The ABC of DNA Computing

## 3. NP-complete problems and Molecular Computation

Other NP-complete problems that have more recently been attacked directly by DNA Computation include the Maximal Clique Problem (1997) and the Satisfiability Problem (2000, update, 2002.)
There is a collection of NP problems, all known to be equivalent in the following sense. An algorithm for solving one of them can be adapted to solve any one of the others. These problems are called NP-complete, a notion due to Stephen Cook of the University of Toronto. The directed Hamiltonian path problem is known to be NP-complete. Another NP-complete problem is the cracking of public-key codes. A rapid method for solving any one of these problems will have important practical implications.

That is why so much excitement greeted Leonard Adleman's announcement ("Molecular computation of solutions to combinatorial problems," Science, 266 1021-1024, November 11, 1994) that he had found a way to solve the path problem using individual molecules as computing elements. The number of molecules of a compound in any tangible amount of that compound is almost unimaginably large (it helps to remember: if an apple were the size of the Earth, its molecules would be the size of apples). Adleman used very tiny quantities of his reagents; nevertheless he had 3x10^13 copies of each of 20 or so molecules, so about six hundred million million molecules at his service. This was like having six hundred million million (albeit very rudimentary) computers working on the problem at the same time: the age-old parable of the monkeys and the typewriters brought to life in a test-tube.

Molecular computation is especially appropriate for problems susceptible to a ``massively parallel'' attack. These are opposed to problems where long chains of calculations must be performed, each depending on the last one. The path problem can be parallelized as follows: imagine a huge number of passengers traveling the airline and making allowable connections at random. If the number is huge enough, then it is overwhelmingly likely that, if a Hamiltonian path exists, one of them at least will have found it.

Adleman's achievement is to have imagined a way to use molecules, (in this case, strands of DNA) to implement this strategy, and then to have devised an ingenious set of steps, using recombinant DNA technology, to filter out all except the strands representing a Hamiltonian path.

This is not the way DNA works in its natural setting.

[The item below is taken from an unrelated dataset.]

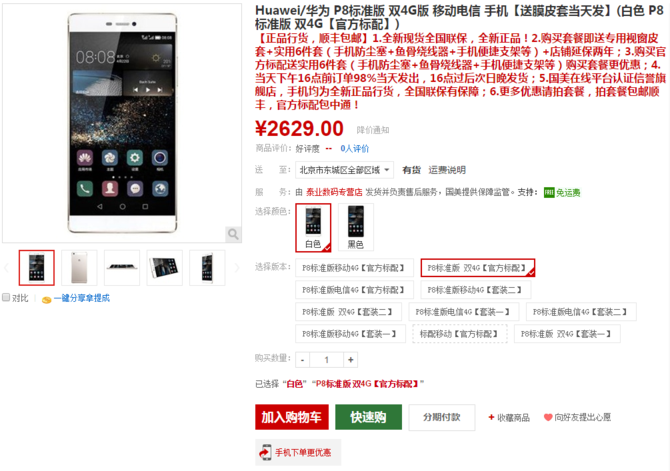 神機(jī)竟然暴降500元 華為P8最低僅2448元

In nature a cell nucleus will have only one copy of each DNA molecule it uses, and not 10^13 copies. (On the other hand those molecules are chains of 50 to 250 million base pairs, whereas Adleman worked with strands only 20 bases long). Also, in the nucleus DNA expresses its information through chemical interactions with RNA and, through RNA, with amino acids which it organizes into proteins. None of this happens in Adleman's experiment.

Adleman uses DNA molecules for their computational ability alone. As a part of DNA's replication mechanism, a strand can recognize complementary strands or parts of strands by bonding to them. This is the only computation these molecules can perform, but it turns out to be enough.